> **What this task involves**
Below are the records; repeat exactly their lines between the line holding "Una vez definidas" and the line holding "The C26 series", inclusive, skipping the pictures.

> **Data for this task**

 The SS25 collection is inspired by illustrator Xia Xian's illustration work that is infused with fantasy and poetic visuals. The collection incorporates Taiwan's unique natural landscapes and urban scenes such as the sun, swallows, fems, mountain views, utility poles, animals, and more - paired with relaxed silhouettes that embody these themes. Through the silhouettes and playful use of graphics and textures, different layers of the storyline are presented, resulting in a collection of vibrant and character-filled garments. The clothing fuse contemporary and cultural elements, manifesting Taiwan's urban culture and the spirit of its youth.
==
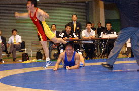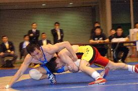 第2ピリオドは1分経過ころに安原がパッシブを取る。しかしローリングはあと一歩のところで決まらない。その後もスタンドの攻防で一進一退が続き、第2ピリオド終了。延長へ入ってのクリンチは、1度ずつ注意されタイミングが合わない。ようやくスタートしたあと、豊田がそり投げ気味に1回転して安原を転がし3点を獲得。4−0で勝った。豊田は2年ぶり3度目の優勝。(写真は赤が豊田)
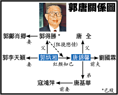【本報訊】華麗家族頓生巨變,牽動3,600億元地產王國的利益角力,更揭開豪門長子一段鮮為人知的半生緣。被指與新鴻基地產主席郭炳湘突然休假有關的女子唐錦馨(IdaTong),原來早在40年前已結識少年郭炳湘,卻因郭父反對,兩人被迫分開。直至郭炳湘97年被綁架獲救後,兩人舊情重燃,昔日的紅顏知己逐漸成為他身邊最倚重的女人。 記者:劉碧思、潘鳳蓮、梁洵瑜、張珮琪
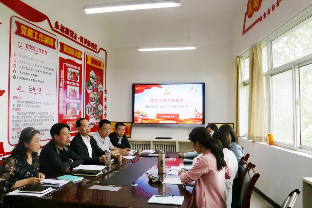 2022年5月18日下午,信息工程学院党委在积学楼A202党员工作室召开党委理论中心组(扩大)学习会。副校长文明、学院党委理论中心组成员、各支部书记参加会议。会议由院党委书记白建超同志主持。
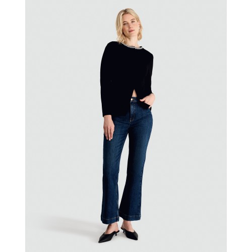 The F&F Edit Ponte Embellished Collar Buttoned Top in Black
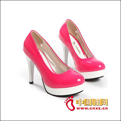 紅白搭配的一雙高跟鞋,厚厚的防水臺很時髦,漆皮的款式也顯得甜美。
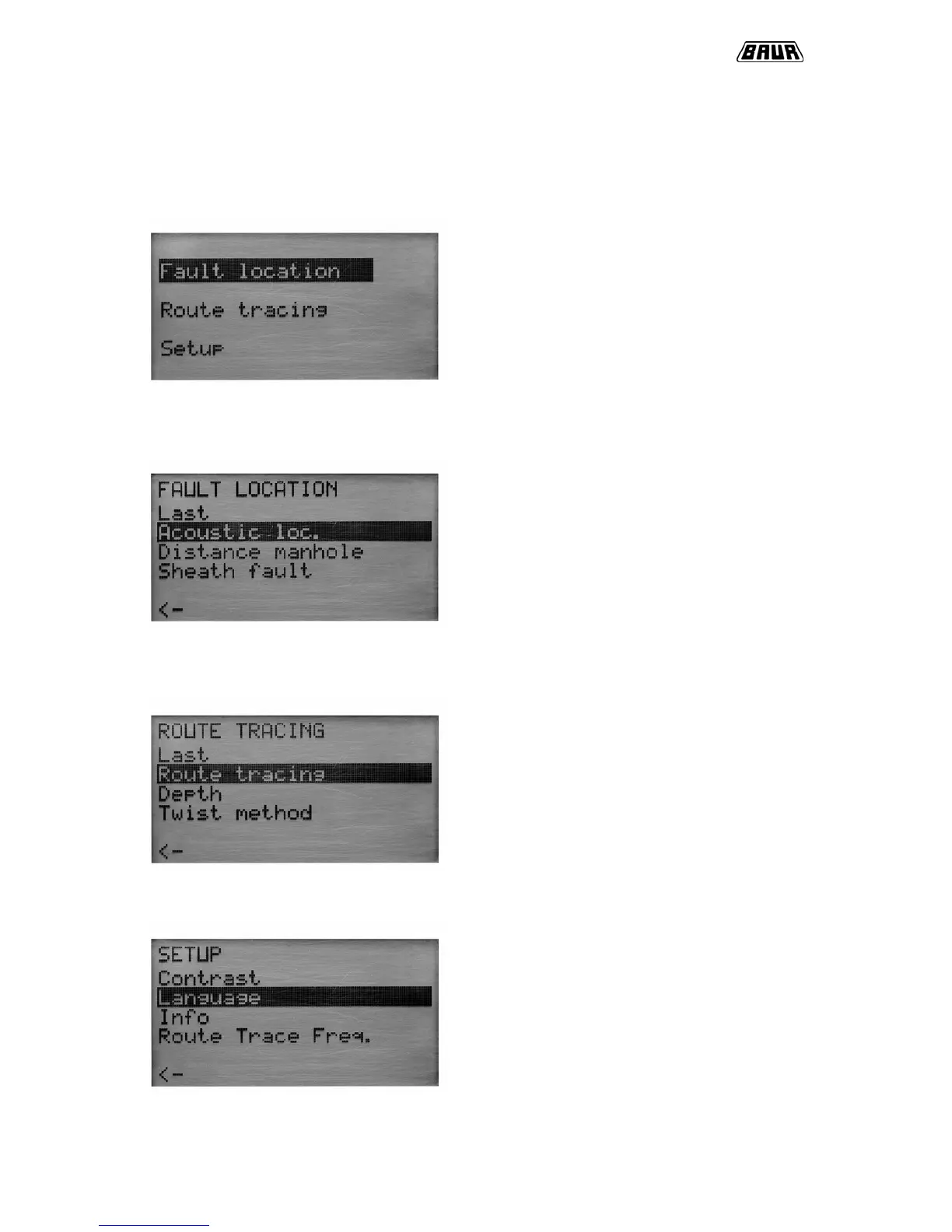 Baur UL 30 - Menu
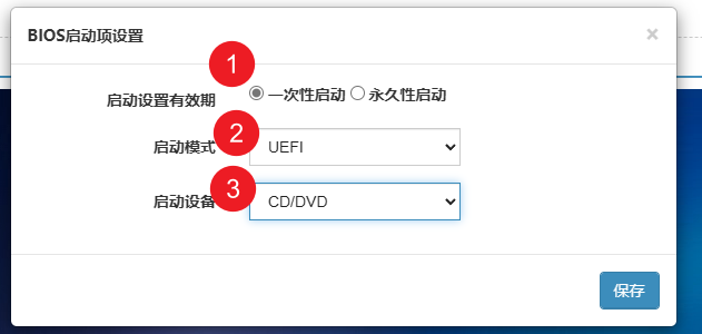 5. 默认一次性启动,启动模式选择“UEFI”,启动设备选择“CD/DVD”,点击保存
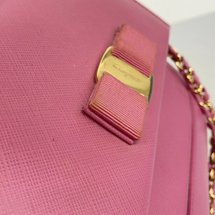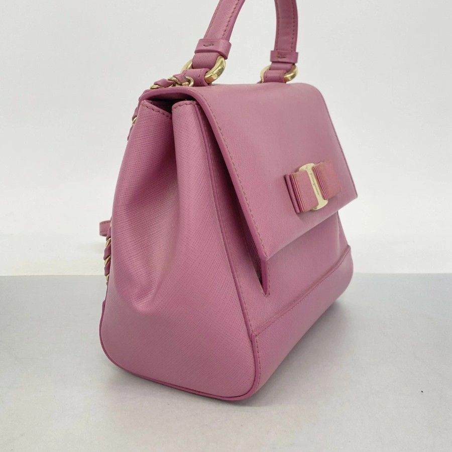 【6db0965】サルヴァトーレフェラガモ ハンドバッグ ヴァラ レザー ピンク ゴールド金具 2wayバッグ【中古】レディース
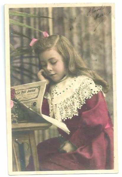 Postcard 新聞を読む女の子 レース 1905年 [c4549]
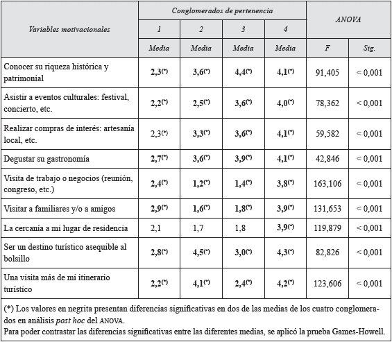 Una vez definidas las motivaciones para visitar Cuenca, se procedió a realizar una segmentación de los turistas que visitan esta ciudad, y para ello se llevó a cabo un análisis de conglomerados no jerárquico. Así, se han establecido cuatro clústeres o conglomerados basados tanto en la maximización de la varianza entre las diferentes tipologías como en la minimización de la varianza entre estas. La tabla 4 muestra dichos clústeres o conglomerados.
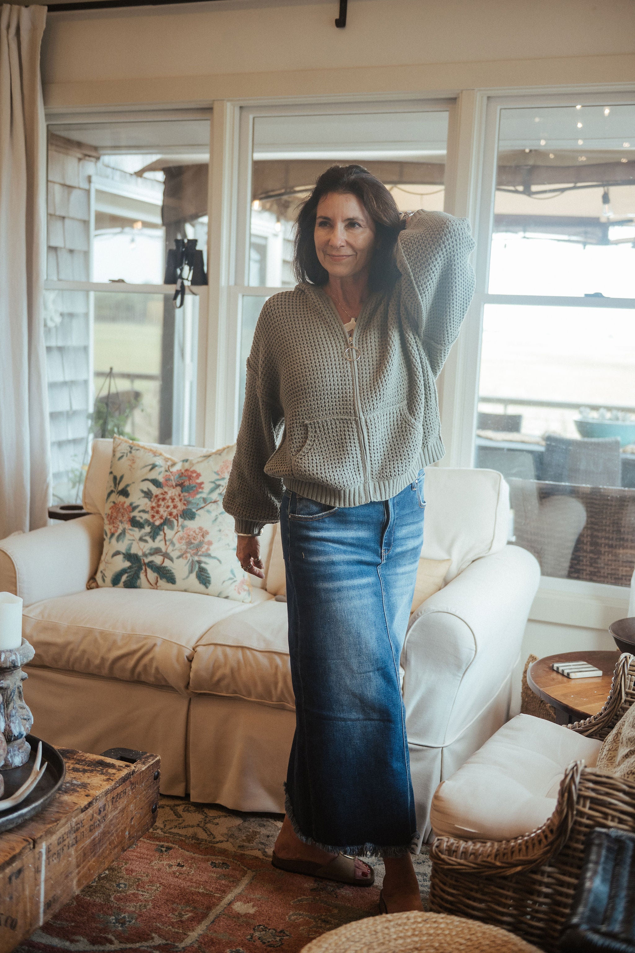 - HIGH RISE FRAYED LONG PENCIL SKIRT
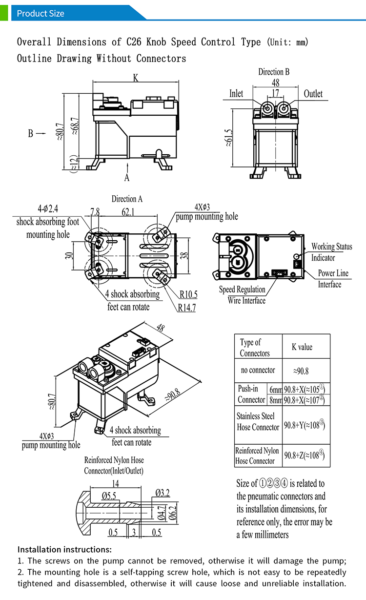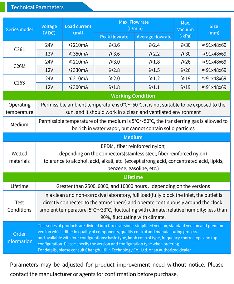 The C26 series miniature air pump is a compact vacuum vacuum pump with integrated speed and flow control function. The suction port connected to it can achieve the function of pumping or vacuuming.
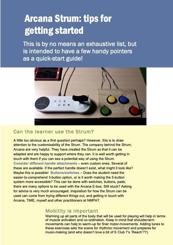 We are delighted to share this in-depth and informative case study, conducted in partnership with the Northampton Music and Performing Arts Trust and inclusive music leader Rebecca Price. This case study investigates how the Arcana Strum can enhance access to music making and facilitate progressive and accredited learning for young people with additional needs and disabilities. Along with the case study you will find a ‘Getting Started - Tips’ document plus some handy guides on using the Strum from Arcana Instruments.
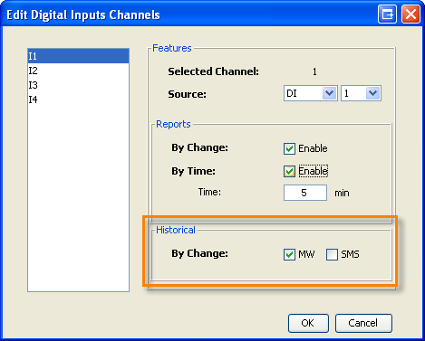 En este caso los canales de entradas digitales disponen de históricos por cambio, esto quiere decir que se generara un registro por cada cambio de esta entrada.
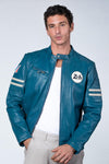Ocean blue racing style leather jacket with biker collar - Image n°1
...
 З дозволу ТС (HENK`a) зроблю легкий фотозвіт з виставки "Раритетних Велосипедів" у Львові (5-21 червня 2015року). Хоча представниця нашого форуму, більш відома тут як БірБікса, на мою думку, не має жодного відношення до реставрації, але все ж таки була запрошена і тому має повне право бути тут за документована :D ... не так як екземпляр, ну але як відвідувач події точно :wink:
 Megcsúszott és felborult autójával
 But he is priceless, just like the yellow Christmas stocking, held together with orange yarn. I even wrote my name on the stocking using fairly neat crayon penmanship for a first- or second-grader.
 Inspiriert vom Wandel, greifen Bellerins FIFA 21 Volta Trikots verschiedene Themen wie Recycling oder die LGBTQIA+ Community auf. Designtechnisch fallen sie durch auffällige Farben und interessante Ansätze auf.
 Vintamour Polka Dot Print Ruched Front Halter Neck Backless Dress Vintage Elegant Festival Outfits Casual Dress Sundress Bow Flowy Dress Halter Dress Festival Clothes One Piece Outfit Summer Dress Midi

> **Solution to the problem**
 Una vez definidas las motivaciones para visitar Cuenca, se procedió a realizar una segmentación de los turistas que visitan esta ciudad, y para ello se llevó a cabo un análisis de conglomerados no jerárquico. Así, se han establecido cuatro clústeres o conglomerados basados tanto en la maximización de la varianza entre las diferentes tipologías como en la minimización de la varianza entre estas. La tabla 4 muestra dichos clústeres o conglomerados.
 - HIGH RISE FRAYED LONG PENCIL SKIRT
 The C26 series miniature air pump is a compact vacuum vacuum pump with integrated speed and flow control function. The suction port connected to it can achieve the function of pumping or vacuuming.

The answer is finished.